Q1: Will HTTP/2 minimize the need for CDNs?
Code files concatenating. Code chunks that would normally be maintained and transferred as separate files are combined into one. The browser then finds and runs the needed code within the concatenated file as needed.
Q2. Will HTTP/2 eliminate the need to concatenate files with similar extensions (css, javascript) and the usage of great Grunt and Gulp tools to do so?
Q. Also, in order to simplify and keep the question more compact, I would ask quite generally what may be other impacts of HTTP/2 on web development as you can foresee?
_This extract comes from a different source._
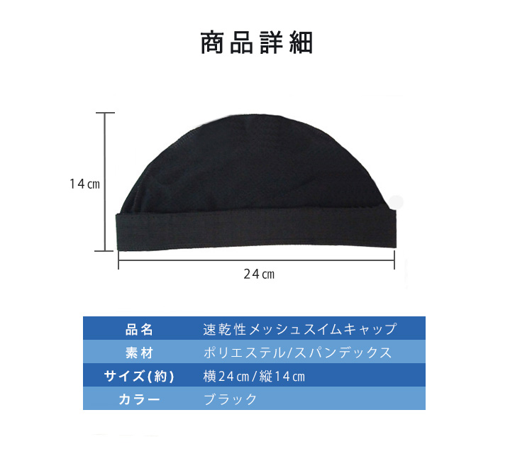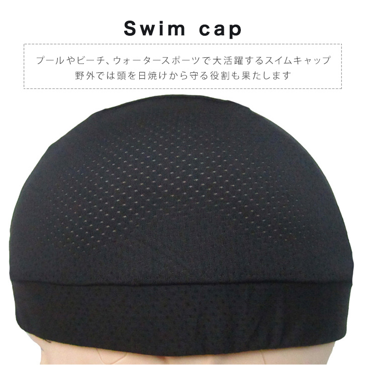 抜群の伸縮性ながらも メッシュ素材で快適な被り心地の スイムキャップになります♪♪ カラーはどんな水着にも合わせやすいブラックです。 通気性はもちろん、速乾性、放熱性も抜群! 蒸れにくく、洗濯後もすぐに乾きます♪ また伸縮性が高いので、ロングヘアの方の 長い髪もまとめて入れやすくなっています☆

Q1: Will HTTP/2 minimize to need for CDNs?
It will certainly shift the balance a bit, provided that you use the right software. I talk about balance because CDNs cost money and management time.
If you are using CDNs to offload traffic you still will need them to offload traffic.
If you are a smallish website (and most websites are, in numerical terms), you will have less of a reason to use a CDN, as latency can be hidden quite effectively with HTTP/2 (provided that you deploy it correctly). HTTP/2 is even better than SPDY, and check this article for a use case regarding SPDY.
Also, most of the third-party content that we incorporate into our sites already uses CDNs.
Q2. Will HTTP/2 eliminate the need to concatenate files with similar extensions (css, javascript) and the usage of great Grunt and Gulp tools to do so?
Unfortunately not. Concatenating things won't be needed, unless the files you are delivering are extremely small, say a few hundred bytes. Everything else is still relevant, including minification and adding those ugly query strings for cache busting.
Q3 . Also, in order to simplify and keep the question more compact, I would ask quite general what may be other impacts of HTTP/2 on web development as you can foresee?
This is a tricky question. In one hand HTTP/2 arrives at a moment when the web is mature, and developers have whole stacks of things to take care of. HTTP/2 can be seen as a tiny piece to change in such a way that the entire stack doesn't crumble. Indeed, I can imagine many teams selling HTTP/2 to management this way ("It won't be a problem, we promise!").
But from a technical standpoint, HTTP/2 allows for better development workflows. For example, the multiplexing nature of HTTP/2 means that most of the contents of a site can be served over a single connection, allowing some servers to learn about interactions between assets by just observing browser behaviors. The information can be used together with other features of HTTP/2 and the modern web (specifically, HTTP/2 PUSH and the pre-open headers) to hide a lot of latency. Think about how much work that can save developers interested in performance.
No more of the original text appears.